--- WHAT THE TASK ASKS ---
For the listing below, return the line containing "Il Cuscinetto Conico, noto", the line containing "Forexの箇所からXAUUSDを選択します。", and all lines in between, exactly as written and nothing else.

--- DATA SHOWN ---
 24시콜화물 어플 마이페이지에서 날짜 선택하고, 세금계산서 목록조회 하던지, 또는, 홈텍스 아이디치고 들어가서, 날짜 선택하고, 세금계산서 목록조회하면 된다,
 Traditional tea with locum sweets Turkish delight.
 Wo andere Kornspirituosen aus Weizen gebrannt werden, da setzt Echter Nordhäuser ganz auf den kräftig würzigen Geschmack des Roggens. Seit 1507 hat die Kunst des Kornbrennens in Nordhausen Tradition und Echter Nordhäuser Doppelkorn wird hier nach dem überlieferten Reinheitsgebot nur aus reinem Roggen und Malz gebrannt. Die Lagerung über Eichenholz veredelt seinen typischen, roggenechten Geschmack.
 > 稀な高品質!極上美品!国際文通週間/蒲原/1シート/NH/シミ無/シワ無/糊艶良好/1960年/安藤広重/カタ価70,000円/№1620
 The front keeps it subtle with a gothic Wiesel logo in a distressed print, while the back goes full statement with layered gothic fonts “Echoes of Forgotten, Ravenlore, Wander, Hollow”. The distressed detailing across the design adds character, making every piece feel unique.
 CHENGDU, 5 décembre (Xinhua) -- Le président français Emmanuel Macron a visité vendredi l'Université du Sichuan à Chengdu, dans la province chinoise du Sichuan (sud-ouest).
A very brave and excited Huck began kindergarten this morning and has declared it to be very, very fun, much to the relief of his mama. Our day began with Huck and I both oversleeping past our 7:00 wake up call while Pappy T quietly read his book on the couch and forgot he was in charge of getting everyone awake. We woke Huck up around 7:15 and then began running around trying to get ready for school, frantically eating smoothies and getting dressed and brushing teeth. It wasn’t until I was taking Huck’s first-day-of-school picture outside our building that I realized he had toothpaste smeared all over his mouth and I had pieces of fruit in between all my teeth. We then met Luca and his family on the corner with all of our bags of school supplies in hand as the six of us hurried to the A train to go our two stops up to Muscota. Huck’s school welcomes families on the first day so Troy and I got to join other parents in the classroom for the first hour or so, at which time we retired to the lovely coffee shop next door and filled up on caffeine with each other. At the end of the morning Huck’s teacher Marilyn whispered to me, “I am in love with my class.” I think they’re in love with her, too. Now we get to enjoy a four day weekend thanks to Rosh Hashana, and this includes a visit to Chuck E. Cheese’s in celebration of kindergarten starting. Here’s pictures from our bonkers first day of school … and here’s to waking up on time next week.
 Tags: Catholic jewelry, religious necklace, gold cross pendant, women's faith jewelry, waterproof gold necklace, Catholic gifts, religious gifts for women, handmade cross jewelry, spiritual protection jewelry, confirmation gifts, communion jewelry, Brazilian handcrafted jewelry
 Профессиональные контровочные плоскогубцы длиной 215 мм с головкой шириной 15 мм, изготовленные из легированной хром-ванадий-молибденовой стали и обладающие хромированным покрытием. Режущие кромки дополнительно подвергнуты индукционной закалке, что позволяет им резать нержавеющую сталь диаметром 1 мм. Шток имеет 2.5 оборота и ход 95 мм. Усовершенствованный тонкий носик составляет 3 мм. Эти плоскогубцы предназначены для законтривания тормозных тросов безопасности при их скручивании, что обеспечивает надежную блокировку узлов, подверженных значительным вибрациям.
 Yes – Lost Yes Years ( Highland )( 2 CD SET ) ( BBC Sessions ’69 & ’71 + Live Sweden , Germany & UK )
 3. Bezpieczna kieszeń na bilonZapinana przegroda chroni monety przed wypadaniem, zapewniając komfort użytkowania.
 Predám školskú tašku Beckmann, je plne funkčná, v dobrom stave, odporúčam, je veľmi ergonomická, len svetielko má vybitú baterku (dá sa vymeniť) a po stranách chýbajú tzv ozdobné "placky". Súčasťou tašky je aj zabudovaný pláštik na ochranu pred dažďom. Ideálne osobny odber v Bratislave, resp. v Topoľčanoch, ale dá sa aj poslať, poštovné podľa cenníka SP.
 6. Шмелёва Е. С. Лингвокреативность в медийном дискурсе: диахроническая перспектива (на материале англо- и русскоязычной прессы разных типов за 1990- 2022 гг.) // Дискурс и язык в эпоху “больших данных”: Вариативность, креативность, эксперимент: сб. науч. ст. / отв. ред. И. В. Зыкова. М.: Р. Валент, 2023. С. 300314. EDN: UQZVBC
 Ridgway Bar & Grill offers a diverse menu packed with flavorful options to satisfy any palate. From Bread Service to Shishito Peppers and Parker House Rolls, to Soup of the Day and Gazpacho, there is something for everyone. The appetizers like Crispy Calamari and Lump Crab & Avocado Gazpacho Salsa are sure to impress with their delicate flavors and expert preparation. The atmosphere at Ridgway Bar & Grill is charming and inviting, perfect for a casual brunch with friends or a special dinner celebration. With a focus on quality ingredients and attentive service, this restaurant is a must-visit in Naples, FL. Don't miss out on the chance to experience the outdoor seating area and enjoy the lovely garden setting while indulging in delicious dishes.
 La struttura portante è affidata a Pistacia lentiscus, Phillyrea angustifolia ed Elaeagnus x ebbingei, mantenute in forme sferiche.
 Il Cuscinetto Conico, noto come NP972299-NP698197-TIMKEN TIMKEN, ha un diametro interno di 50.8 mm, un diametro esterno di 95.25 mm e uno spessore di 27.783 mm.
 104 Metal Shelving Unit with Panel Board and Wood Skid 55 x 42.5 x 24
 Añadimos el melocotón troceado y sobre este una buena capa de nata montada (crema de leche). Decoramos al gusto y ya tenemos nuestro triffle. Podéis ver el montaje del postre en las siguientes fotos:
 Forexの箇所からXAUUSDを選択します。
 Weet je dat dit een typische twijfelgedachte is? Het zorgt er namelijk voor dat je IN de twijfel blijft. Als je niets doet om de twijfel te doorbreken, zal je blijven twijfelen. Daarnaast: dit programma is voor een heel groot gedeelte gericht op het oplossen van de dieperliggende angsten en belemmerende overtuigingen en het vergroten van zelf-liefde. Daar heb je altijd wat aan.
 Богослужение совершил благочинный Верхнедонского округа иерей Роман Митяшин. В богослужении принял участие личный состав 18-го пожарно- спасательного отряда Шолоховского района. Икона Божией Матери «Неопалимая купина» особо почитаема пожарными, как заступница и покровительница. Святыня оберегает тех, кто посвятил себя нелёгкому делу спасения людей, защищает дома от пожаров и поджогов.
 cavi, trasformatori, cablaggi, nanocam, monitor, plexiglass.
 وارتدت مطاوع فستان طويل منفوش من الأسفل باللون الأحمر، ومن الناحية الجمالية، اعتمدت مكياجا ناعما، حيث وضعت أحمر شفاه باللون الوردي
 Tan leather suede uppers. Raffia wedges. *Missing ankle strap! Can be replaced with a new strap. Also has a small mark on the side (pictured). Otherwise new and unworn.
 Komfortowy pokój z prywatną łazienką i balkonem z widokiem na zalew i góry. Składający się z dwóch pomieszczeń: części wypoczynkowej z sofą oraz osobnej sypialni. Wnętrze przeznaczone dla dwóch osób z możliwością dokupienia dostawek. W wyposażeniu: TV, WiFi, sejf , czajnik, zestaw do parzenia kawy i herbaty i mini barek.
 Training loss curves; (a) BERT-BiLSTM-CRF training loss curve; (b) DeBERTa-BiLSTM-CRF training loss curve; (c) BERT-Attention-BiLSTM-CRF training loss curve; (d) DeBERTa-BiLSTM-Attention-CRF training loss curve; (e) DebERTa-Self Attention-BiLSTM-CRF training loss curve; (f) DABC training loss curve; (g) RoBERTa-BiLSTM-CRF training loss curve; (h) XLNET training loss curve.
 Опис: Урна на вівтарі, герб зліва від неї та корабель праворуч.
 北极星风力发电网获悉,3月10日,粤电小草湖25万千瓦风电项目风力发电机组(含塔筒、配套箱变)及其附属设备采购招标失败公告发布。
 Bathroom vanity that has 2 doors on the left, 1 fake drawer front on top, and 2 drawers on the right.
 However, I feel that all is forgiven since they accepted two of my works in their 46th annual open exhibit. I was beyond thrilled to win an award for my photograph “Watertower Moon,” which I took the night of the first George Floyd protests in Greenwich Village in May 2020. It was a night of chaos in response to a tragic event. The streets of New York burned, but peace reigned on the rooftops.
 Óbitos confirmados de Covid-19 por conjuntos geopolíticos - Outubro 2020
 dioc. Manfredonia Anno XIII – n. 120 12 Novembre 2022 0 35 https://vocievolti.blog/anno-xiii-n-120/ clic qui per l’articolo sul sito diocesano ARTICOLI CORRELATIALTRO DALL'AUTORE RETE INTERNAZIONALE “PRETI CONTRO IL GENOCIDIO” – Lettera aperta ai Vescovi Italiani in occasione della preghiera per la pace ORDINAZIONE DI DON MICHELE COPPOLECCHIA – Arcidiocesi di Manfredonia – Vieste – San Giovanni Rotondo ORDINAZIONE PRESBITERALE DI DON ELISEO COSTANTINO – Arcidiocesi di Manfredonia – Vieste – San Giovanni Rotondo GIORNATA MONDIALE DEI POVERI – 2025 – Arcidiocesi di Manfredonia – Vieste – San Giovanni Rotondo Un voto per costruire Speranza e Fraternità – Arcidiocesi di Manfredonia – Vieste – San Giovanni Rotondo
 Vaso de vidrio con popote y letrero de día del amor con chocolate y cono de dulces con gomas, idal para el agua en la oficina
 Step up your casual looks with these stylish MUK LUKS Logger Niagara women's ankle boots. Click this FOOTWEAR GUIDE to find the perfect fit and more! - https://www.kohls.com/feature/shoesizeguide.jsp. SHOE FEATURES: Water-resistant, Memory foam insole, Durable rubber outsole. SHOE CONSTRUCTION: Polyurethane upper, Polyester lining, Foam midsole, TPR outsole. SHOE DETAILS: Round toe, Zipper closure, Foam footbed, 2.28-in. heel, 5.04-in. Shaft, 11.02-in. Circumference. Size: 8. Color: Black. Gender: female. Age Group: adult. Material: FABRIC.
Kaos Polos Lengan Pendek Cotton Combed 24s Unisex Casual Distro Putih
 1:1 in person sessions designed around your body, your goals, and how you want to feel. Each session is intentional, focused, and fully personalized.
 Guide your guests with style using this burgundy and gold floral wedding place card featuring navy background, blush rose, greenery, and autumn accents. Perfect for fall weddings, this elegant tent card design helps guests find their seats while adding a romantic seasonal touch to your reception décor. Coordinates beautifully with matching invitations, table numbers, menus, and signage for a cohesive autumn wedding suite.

--- SOLUTION TO THE EXERCISE ---
 Il Cuscinetto Conico, noto come NP972299-NP698197-TIMKEN TIMKEN, ha un diametro interno di 50.8 mm, un diametro esterno di 95.25 mm e uno spessore di 27.783 mm.
 104 Metal Shelving Unit with Panel Board and Wood Skid 55 x 42.5 x 24
 Añadimos el melocotón troceado y sobre este una buena capa de nata montada (crema de leche). Decoramos al gusto y ya tenemos nuestro triffle. Podéis ver el montaje del postre en las siguientes fotos:
 Forexの箇所からXAUUSDを選択します。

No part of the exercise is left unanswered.